Amid my unpredictable quirks, this is something I can count on about myself. I might never know where my matching socks are or if I’ll be five or 20 minutes late to meet a friend or if I’ll ever be ready to buy a house, but I know to avoid jingle bells and Mariah Carey until Dec. 24. That’s when I’m ready. That’s when it feels right. And not a day earlier.

But when radio stations inevitably start bombarding listeners with nonstop Christmas carols around Thanksgiving, my mind is decisive. It’s stern. “I’m not ready for this,” it says. “Wait a little while longer.” I guess I’m one of those traditional people who just wants to celebrate the holiday when it’s really the holiday.

But something weird happened on the first Friday of November, which, if you’re counting, is about 48 days before Christmas Eve.

I had a hankering for some old-fashioned comfort, one uncured by a bowl of tomato soup, two cups of coffee and three cozy blankets. So I turned on the “Kacey Musgraves Christmas Show.” My craving was quenched. My longtime rule about Christmas music was gone.
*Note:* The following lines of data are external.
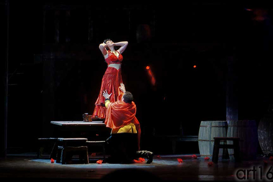 «Кармен»! Непросто отличиться в столь заигранном оперном шлягере. То, что балетмейстер Георгий Ковтун не удержался, чтобы использовать по максимуму свой профессиональный опыт в постановке этой оперы Бизе – объяснимо. Слишком уж велик соблазн, да и зажигательные ритмы музыки этому способствуют. Но где же чувство меры? Получился явный перебор. Тут, возможно, сказалось и еще одно обстоятельство, которое изначально учесть было невозможно. Дело в том, что в нынешнем своем виде постановка лишилась своего кинематографического антуража, который присутствовал на премьере трехгодичной давности. Тогда все действие было обставлено как некая съемка фильма, и это, вероятно, могло хоть как-то уравновесить и оттенить танцевальную стихию зрелища. Нынче же этот контраст исчез и, подчас создавалось впечатление, что ты находишься не в опере, а на концерте какого-то ансамбля песни и пляски. Начальная сцена сразу вызвала в памяти слова из классического русского перевода либретто: «Оживленною толпою все снует и бежит». Собственно, эта фраза исчерпывающе передает характер сценического действия. Разве что режиссер добавил немного мистики – начиная со Сцены гадания героиню преследуют какие-то загадочные «духи», предвестники смерти. Однако, попытки привнести в эту «вампуку» нечто душераздирающе непривычное – Кармен гибнет не от ножа, а очень театрально задушена шарфом – мало помогают. От обстановки все равно веет каким-то духом презентабельного зрелища, а не жестокой драмой. Роковым образом сказалось и странное решение укоротить увертюру. Без своей второй части с ее важнейшей драматической темой, мелодически предвосхищающей трагическую развязку и плавно вливающейся в основное действие, она тоже превратилась в чисто концертный номер…
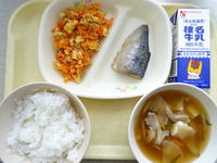 今日の給食は、ご飯、牛乳、けんちん汁、さばのみそ煮、にんじんしりしりです。
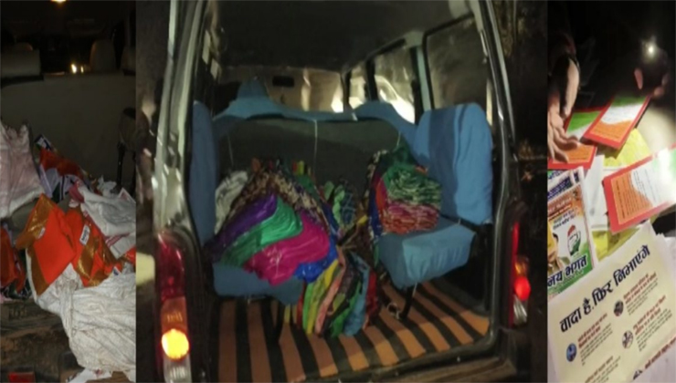 कार में मिली साड़ी, फर्जी राशनकार्ड और कांग्रेस प्रत्याशी का बैनर
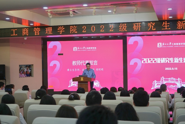 工管222班班主任、财管系教师潘柳芸,博士生导师、旅管系教师胡明明作为教师代表发言。潘老师向各位新同学表示热烈的欢迎与祝贺,希望同学们心如花木,向阳而生,满腹家国情怀,祝愿大家在大学四年中学有所思、学有所悟、学有所成。胡老师从自身科研经历出发,分享三点经验:第一,做学术先做人,要增强社会责任感;第二,要培养科学的研究精神,深入管理实践,敢于创新和进步;第三,要修身立德,坚守学术道德的底线。

As I watched, I looked on Instagram to see someone I followed putting up their Christmas tree and putting a Christmas album on the record player. Before, I would’ve scoffed. If 2020 can do anything, it can turn me into a softie for Christmas music nearly two months before it’s actually appropriate.

I’m not alone.

Dozens of radio stations made the early switch to Christmas music this year, according to RadioInsight.com. Some stations started as early as September. Sunny 106.3 in Colorado Springs flipped on Nov. 6, earlier than previous years, as did KOST, a major station in Los Angeles. KOST program director John Peake told Variety magazine that decision came “because of what 2020 has been like.”
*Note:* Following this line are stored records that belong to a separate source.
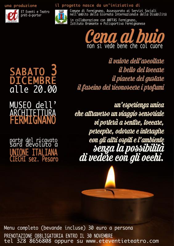 Un’esperienza unica che attraverso un viaggio sensoriale vi porterà a sentire, toccare, percepire, odorare e interagire con gli altri ospiti e l’ambiente senza la possibilità di vedere con gli occhi.parte del ricavato sarà devoluta a
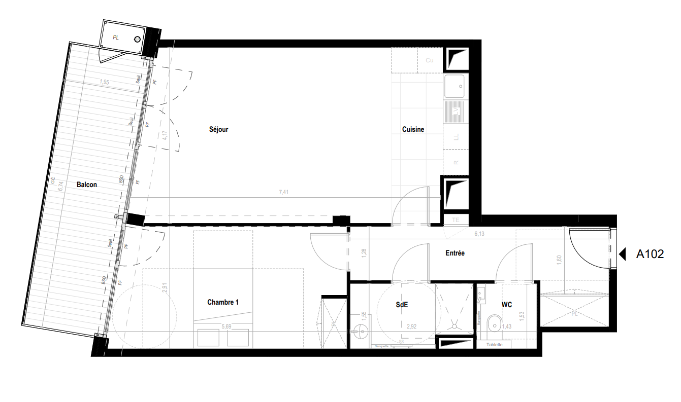 592 200€ Appt. T2 49.5m2 1er
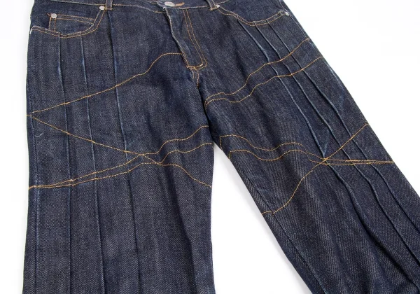【SALE】ジャンポールゴルチエJean Paul GAULTIER PARIS プリーツデザインデニムパンツ 青38

“We did a pretty exhaustive survey with listeners asking, ‘Is it OK to go early, do you want Christmas or holiday music early this year?’” he said. “And it was a resounding ‘Yes.’”

Did they say “yes” because we all want to take our mind off the troubles of 2020? Is it because Christmas means 2020 is almost over altogether?
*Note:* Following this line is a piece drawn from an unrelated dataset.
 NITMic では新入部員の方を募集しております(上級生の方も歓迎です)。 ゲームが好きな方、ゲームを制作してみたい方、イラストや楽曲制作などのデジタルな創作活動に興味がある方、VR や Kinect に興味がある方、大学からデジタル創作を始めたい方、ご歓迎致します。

Part of my distaste for Christmas music comes from the repetition of the same songs over and over in slightly different versions. I like the idea of having a sonic signal of the season. But I don’t like the lack of variety.

In 2020, though, when everything feels a little unpredictable, maybe it’s nice to have that repetition. Maybe it’s nice to listen to happy songs you’ve known your whole life. You don’t have to think about the words, but you do think about the happy memories they’re associated with.

I think it’s the same reason I started watching “The Bachelorette” this year, after years of not tuning in. When you’re watching something mindless, your mind isn’t thinking about the news or the health of your friends and family or if you’ll be able to see your family for Christmas. How nice.

Christmas music —when to play it and how much — can be a “polarizing topic,” said Carly Evans with Mountain Country. The station plans to stick to its routine of starting to gradually play Christmas music on Thanksgiving Day. Evans said the station gets comments from listeners who want to hear less of it and others who want to hear it year-round.

“For my friends that like it and would prefer to have it year round, they tell me that it reminds them of the feeling of Christmas, the most wonderful time of the year,” she said. “And it makes them happy.”

This season, I don’t think I’ll mind hearing “All I Want For Christmas is You” during every grocery store visit. This season, it just feels right.